---- DATA
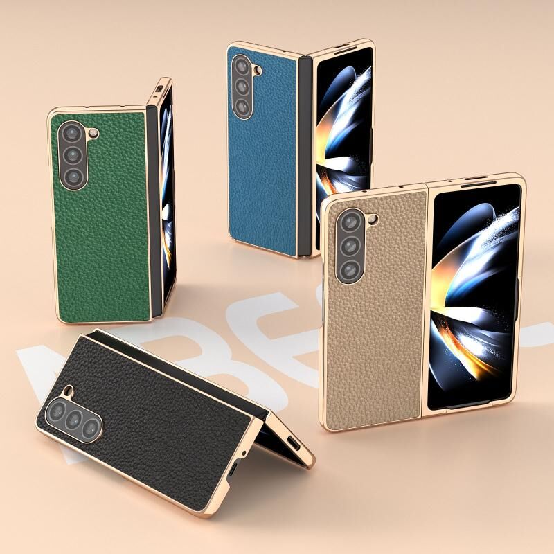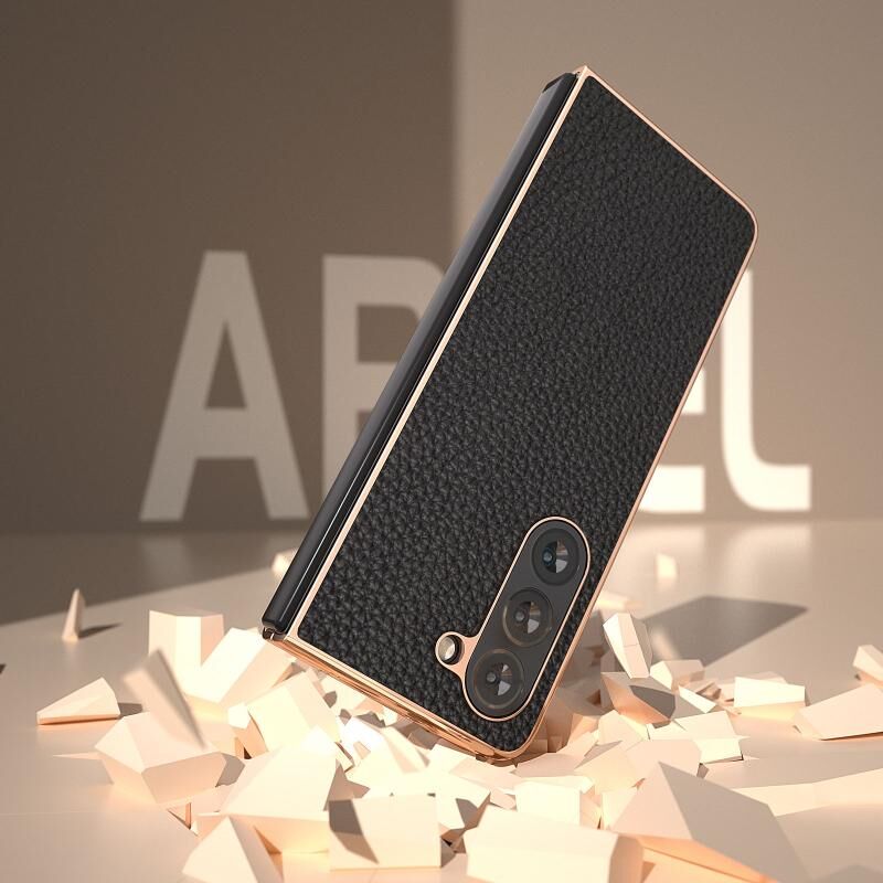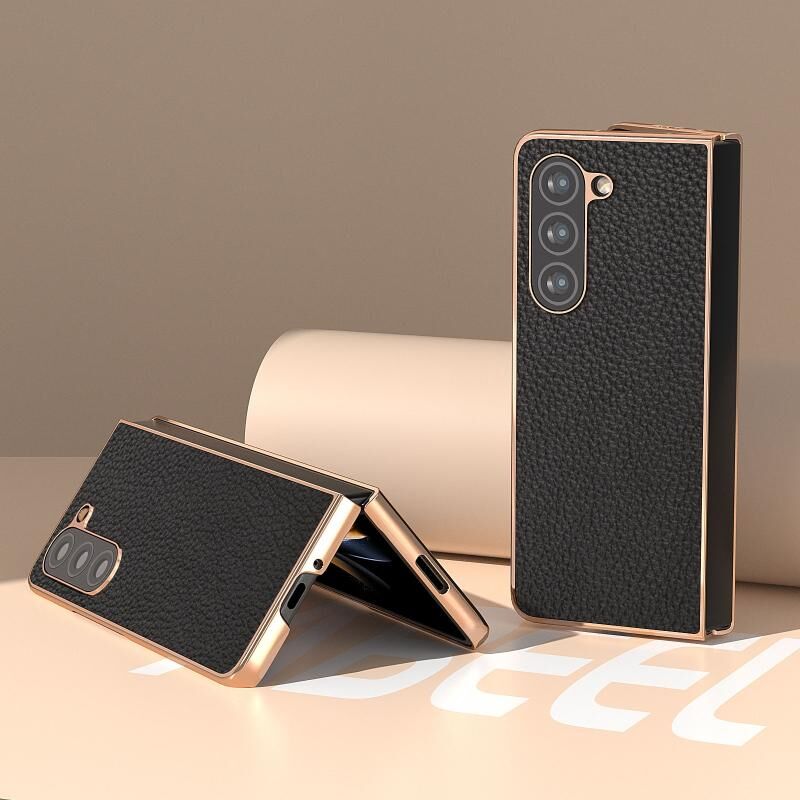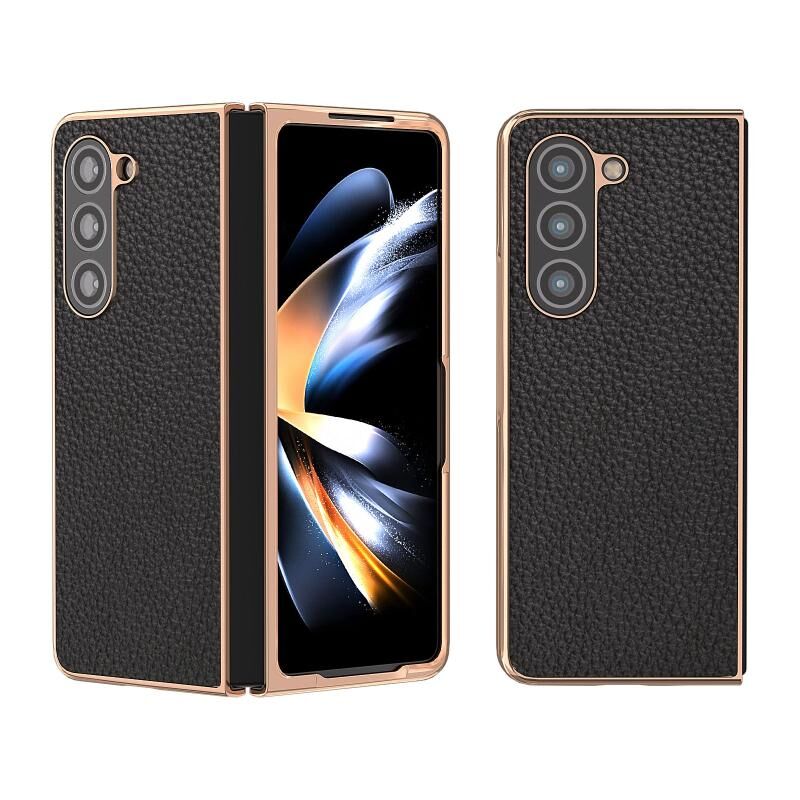 Θήκη τηλεφώνου Samsung Galaxy Z Fold5 Nano Electroplating Genuine Leather Litchi Texture (Μαύρο)
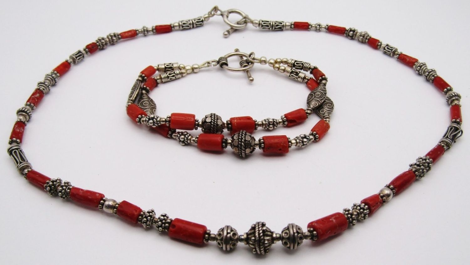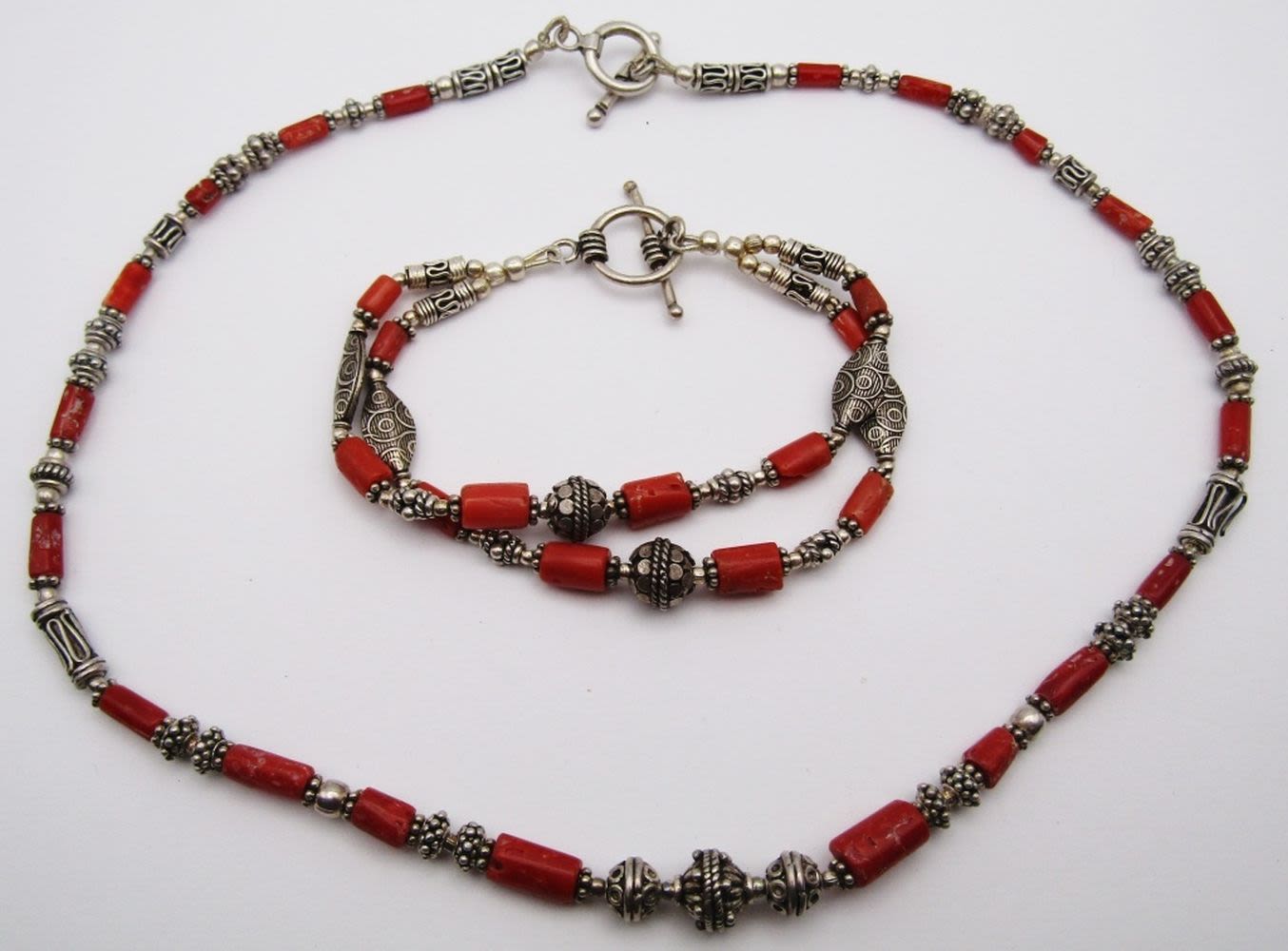 WITH MATCHING DOUBLE STRADED BRACELET-TOGGLE CLOSURE-NECKALCE MEASURES 18 INCHES AND BRACELET MEASURES 7.5 INCHES-TOTAL 32 DWT
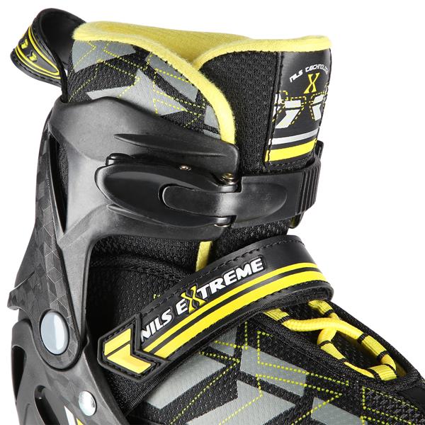 Kolečkové brusle NILS Extreme NA11002 jsou určeny k rekreační jízdě začínajících a mírně pokročilých bruslařů po rovných a hladkých stezkách, jako například po asfaltu. Lehká a odolná bota zajišťuje bezpečnost při jízdě. Systém ventilace a tvarovaná stélka boty přímo ovlivňují zvýšení uživatelského komfortu. Jedná se o model s nastavitelnou velikostí, kdy každá brusle má na výběr ze 4 rozměrů. Pomocí jednoduchého řídicího systému lze snadno a rychle nastavit velikost boty na noze uživatele. Kolečka s tvrdostí 82A jsou uložena v hliníkové liště, dobře přiléhají k podkladu a částečně pohlcují nervnosti. Model NA11002 je osazen ložisky ABEC 7, která se vyznačují precizním zpracováním a nízkým odporem, kdy jízda má dobrou setrvačnost a na bruslích tak lze urazit dlouhou vzdálenost bez vynaložení zbytečné síly.
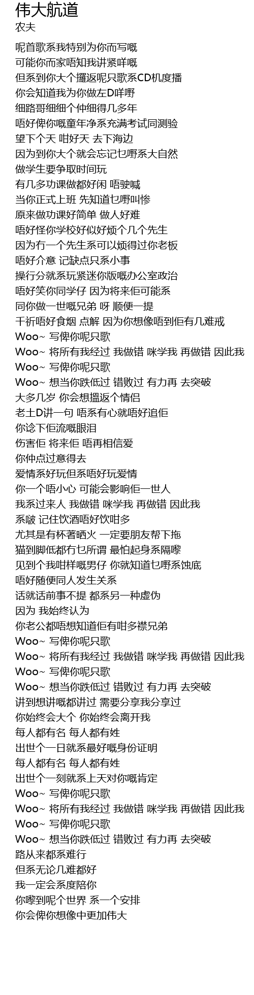 | [00:58.96] | Woo~ 写俾你呢只歌 |
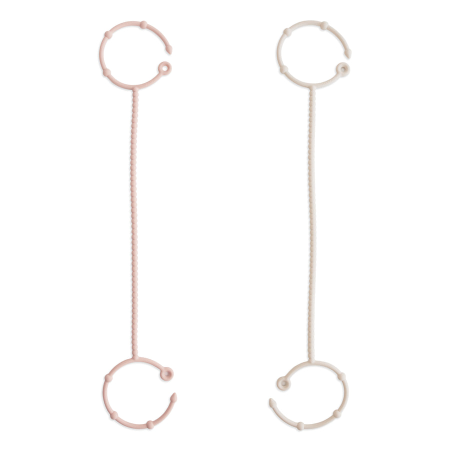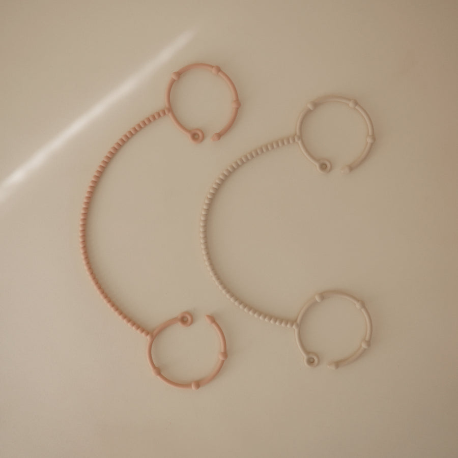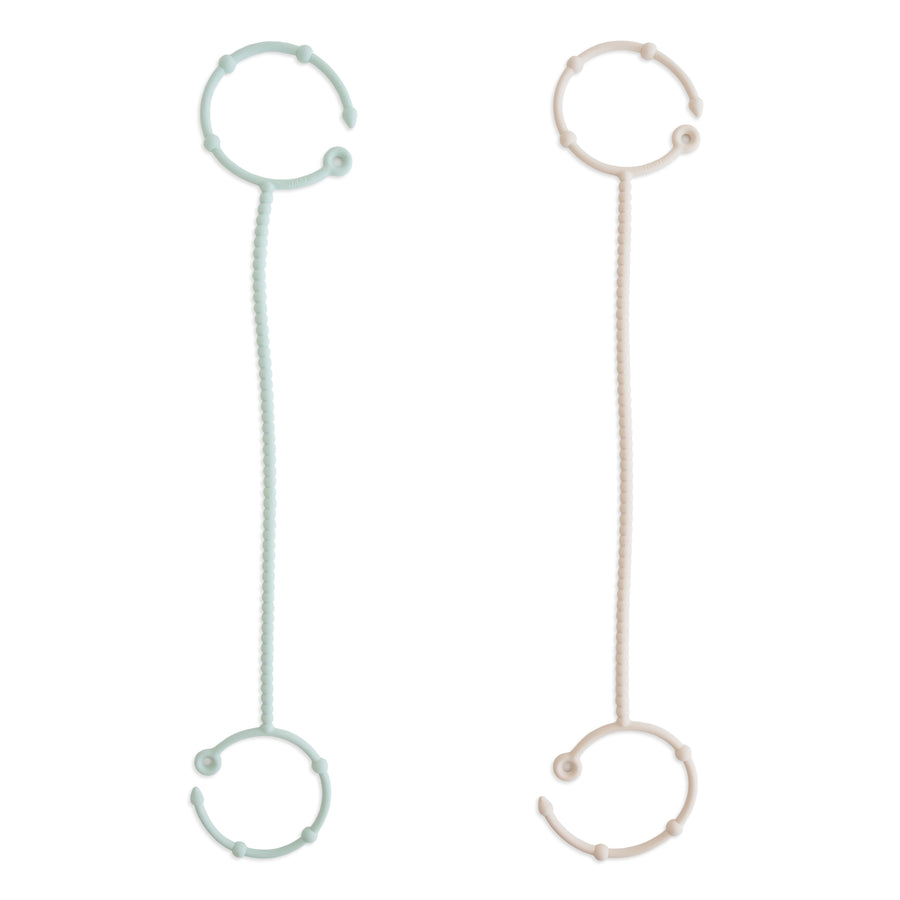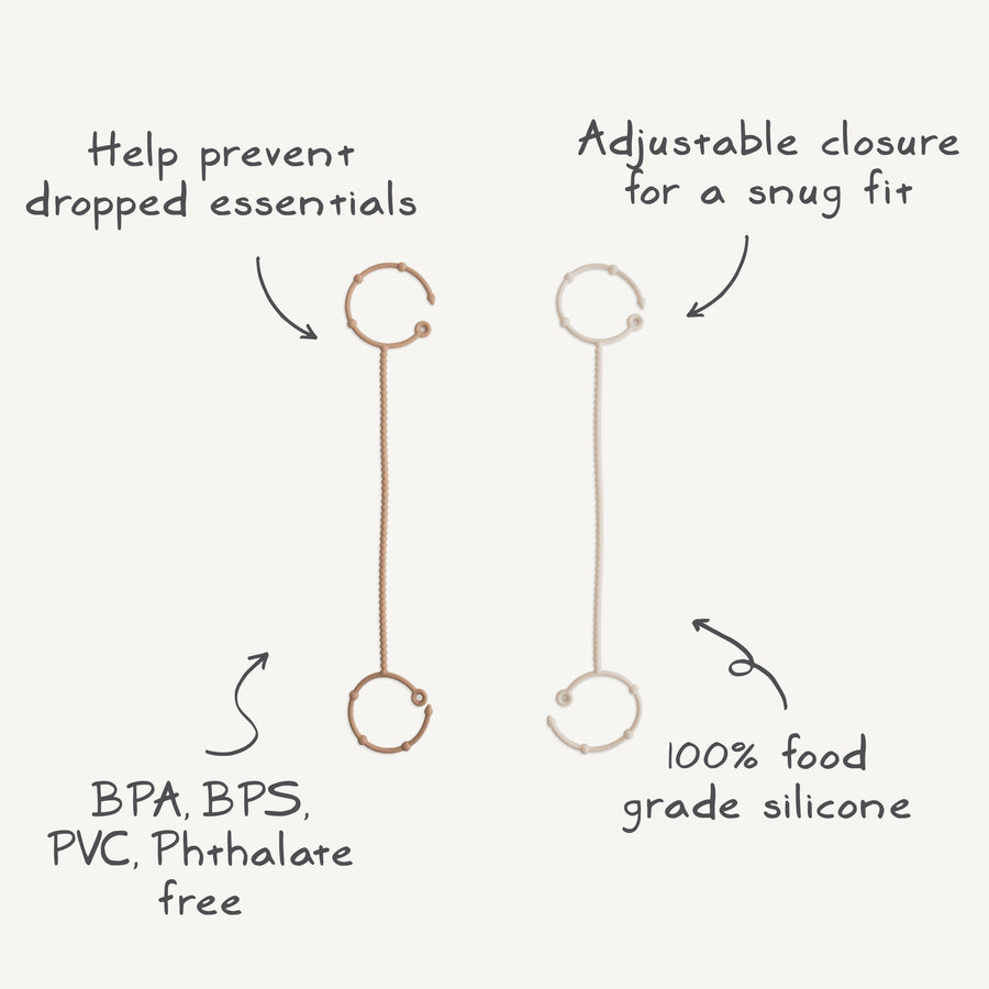 Mushie's adjustable silicone straps keep baby essentials secure so parents and littles on-the-go can enjoy more peaceful outings. Help prevent dropped toys, pacifiers, and sippy cups with these versatile straps designed to attach to strollers, high chairs, car seats, and more. An adjustable closure on each end ensures a snug fit for various items, while the durable non-toxic silicone material withstands daily wear and tear.
--------
WORK TO COMPLETE: Set down the entries shown above once more, exactly as they read, but without pictures.

OUTPUT FOR THIS EXERCISE:
 Θήκη τηλεφώνου Samsung Galaxy Z Fold5 Nano Electroplating Genuine Leather Litchi Texture (Μαύρο)
 WITH MATCHING DOUBLE STRADED BRACELET-TOGGLE CLOSURE-NECKALCE MEASURES 18 INCHES AND BRACELET MEASURES 7.5 INCHES-TOTAL 32 DWT
 Kolečkové brusle NILS Extreme NA11002 jsou určeny k rekreační jízdě začínajících a mírně pokročilých bruslařů po rovných a hladkých stezkách, jako například po asfaltu. Lehká a odolná bota zajišťuje bezpečnost při jízdě. Systém ventilace a tvarovaná stélka boty přímo ovlivňují zvýšení uživatelského komfortu. Jedná se o model s nastavitelnou velikostí, kdy každá brusle má na výběr ze 4 rozměrů. Pomocí jednoduchého řídicího systému lze snadno a rychle nastavit velikost boty na noze uživatele. Kolečka s tvrdostí 82A jsou uložena v hliníkové liště, dobře přiléhají k podkladu a částečně pohlcují nervnosti. Model NA11002 je osazen ložisky ABEC 7, která se vyznačují precizním zpracováním a nízkým odporem, kdy jízda má dobrou setrvačnost a na bruslích tak lze urazit dlouhou vzdálenost bez vynaložení zbytečné síly.
 | [00:58.96] | Woo~ 写俾你呢只歌 |
 Mushie's adjustable silicone straps keep baby essentials secure so parents and littles on-the-go can enjoy more peaceful outings. Help prevent dropped toys, pacifiers, and sippy cups with these versatile straps designed to attach to strollers, high chairs, car seats, and more. An adjustable closure on each end ensures a snug fit for various items, while the durable non-toxic silicone material withstands daily wear and tear.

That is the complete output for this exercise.